Monier is very much the father of the AltaVista search service. The idea of building a large search engine came up during a lunchtime conversation between Monier and two other Digital employees in spring 1995. Monier then led the team that built AltaVista, which debuted in December of that year and set a new standard for indexing the web. Having indexed over 20 million documents, AltaVista was ten times as large as any existing search engine on the web at that time.

Since AltaVista's debut, Monier has continued as the technical leader of the search engine. In particular, he's orchestrated the push toward making the service useful to non-English speakers and those living outside the United States, especially with the introduction of a search-by-language feature that has now spread to several other services. He's also been the push behind search features introduced at the service over the past year, such as Related Searches and the introduction of RealNames information.
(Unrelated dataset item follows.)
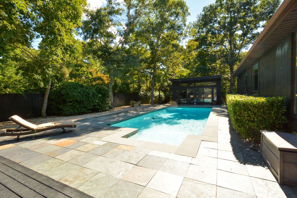Easy, comfortable living in this 3 bedroom, 3 bath home on a shy half acre, only minutes to East Hampton Village. The open design invites leisurely living, enhanced by the newly renovated kitchen with new range, dishwasher and water filtration system, the completely renovated lower level, the large deck, heated gunite pool, roomy pool house, 2-car garage and circle drive. A gas line has been added to the BBQ grill, as well a new hot water he

As a figurehead, Monier's departure is as significant as if Yahoo-founders Jerry Yang or David Filo were to depart from their service. It's a gap AltaVista already feels.

"One thing that's for sure is that if Louis ever wants to come back, he can. We think the world of him," said AltaVista's marketing director Celia Francis.

Both Francis and Monier himself stressed that the introduction of paid links was not behind his departure. "It's pure coincidence," Monier said. In fact, Monier had actually wanted the introduction of some type of paid links system.

"I pushed for some sort of paid results, but there not like you see today," he said. "The implementation doesn't quite match what I had in mind." Explaining, he added, "A true auction, for the little people, instead of the big guys through an ad agency. They may evolve into this."

AltaVista says it does intend to open the listings up to general advertisers by next month.

As for the future, Monier has hooked up with venture capital firm Kleiner Perkins Caufield & Byers and is excited about doing something other than search. He promised more details in the coming weeks.

"I have plans, but I'm not ready to reveal them at this time," he said.

Kleiner Perkins Caufield & Byers
http://kpcb.com/

Doublebill
http://www.doublebill.com/
http://www.doublebill.com/pressrelease1.html

After this article was originally written, I learned Monier is going to be part of a new company called Doublebill. The site is the first link above, and a release (with very few details) is the second link.